“Only humans can hurt one another, Ada thought; only humans falter and betray one another with a stunning, fearsome frequency… She would fail other people throughout her life, inevitably, even those she loved best.”
Ada’s father David is the most important thing to her. For thirteen years David has been her teacher, her best friend, her guide. Ada’s life has revolved entirely around him and his work in his computer science lab, so when David begins to forget things and disappear for hours at a time, Ada’s world as she knows it rapidly changes. As David’s mind disintegrates, Ada must navigate the coming years without him. Life grows more complicated as she moves in with her father’s long time friend, and evidence surfaces that David may not be the person she thinks he is.

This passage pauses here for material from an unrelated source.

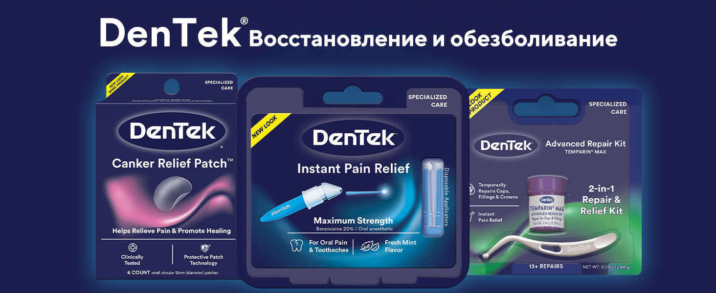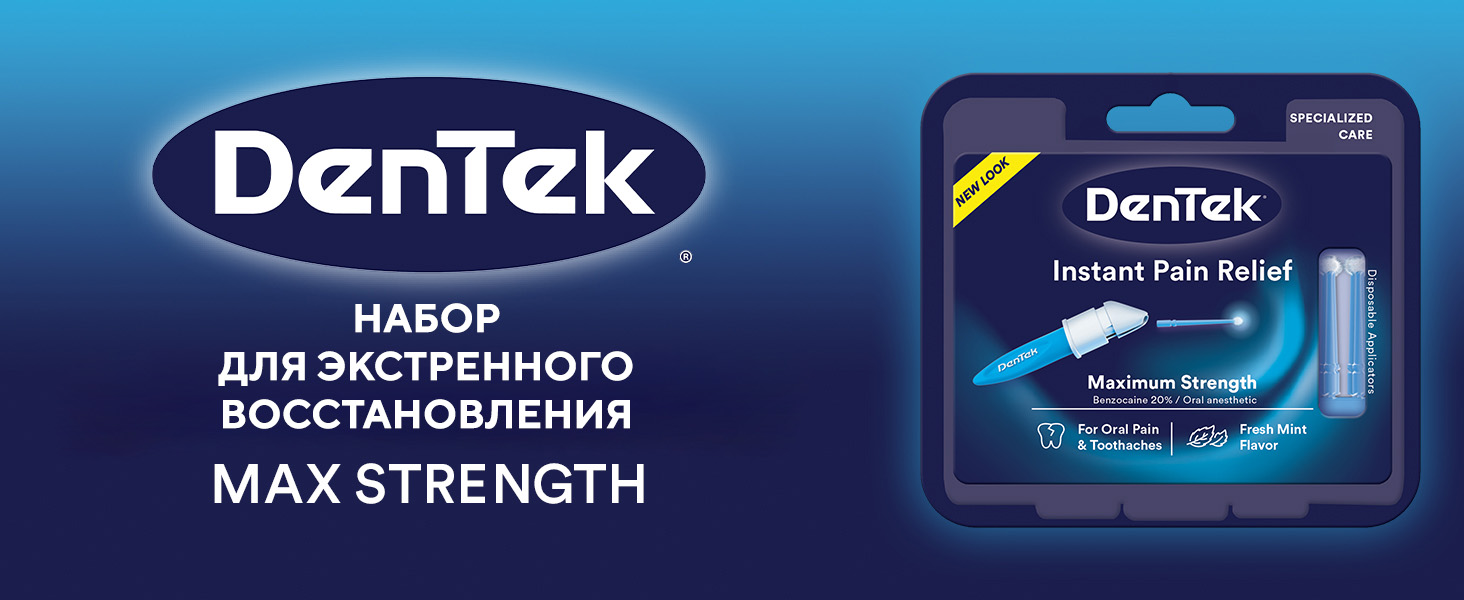DenTek® Обезболивающее средство мгновенного действия в расширенном наборе обеспечивает быстрое облегчение зубной боли. При помощи аппликаторов одноразового использования средство наносится и действует точно на участки, в которых возникла боль.
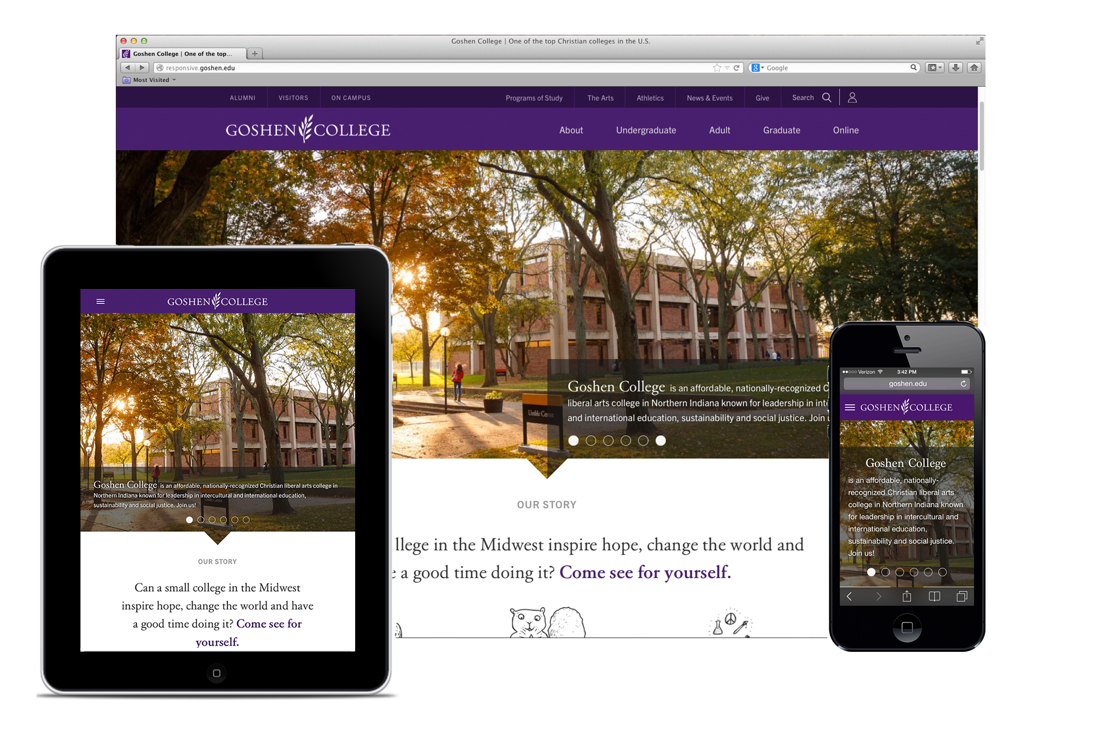 As stated above, the primary goal for Goshen’s website redesign is to build a site that serves college content to audiences on any device. This content, whether text, images, links or videos, is designed using site-wide “responsive” technology to be easily readable/viewable on a desktop computer, tablet, phone or even a large-screen television.

I think the experience of admiring and idolizing a parent and then gradually realizing that parents are fallible human beings is something to which everyone can relate. The reverence with which Ada views her father is so powerful that it’s easy to feel the confusion, frustration, and protectiveness that Ada feels when her father’s health begins to decline. The relationship between father and daughter is the foundation of the story, and the author does a wonderful job of portraying some of the complexities of that relationship.
The characters are clearly written and consistent, their actions aligning with their personalities so the interpersonal dynamics work well and were convincing. The last third of the book felt a less cohesive for me during the jumps in time back and forth to Ada’s adulthood. I didn’t connect as strongly to the older Ada as I did to the younger one, but perhaps that that’s because we spend less time with her in her adulthood than in her youth.
Still, I liked this book much more than I anticipated. The pacing was consistent through most of the book, and the cryptology as well as the mystery surrounding David’s history and eccentricity kept me interested. As the beginning of the story unfolded, I had so many questions about Ada and her upbringing. I felt like I was slowly turning these small corners, each one revealing another piece of the puzzle, which kept me wanting to keep going along with Ada as things began to unravel.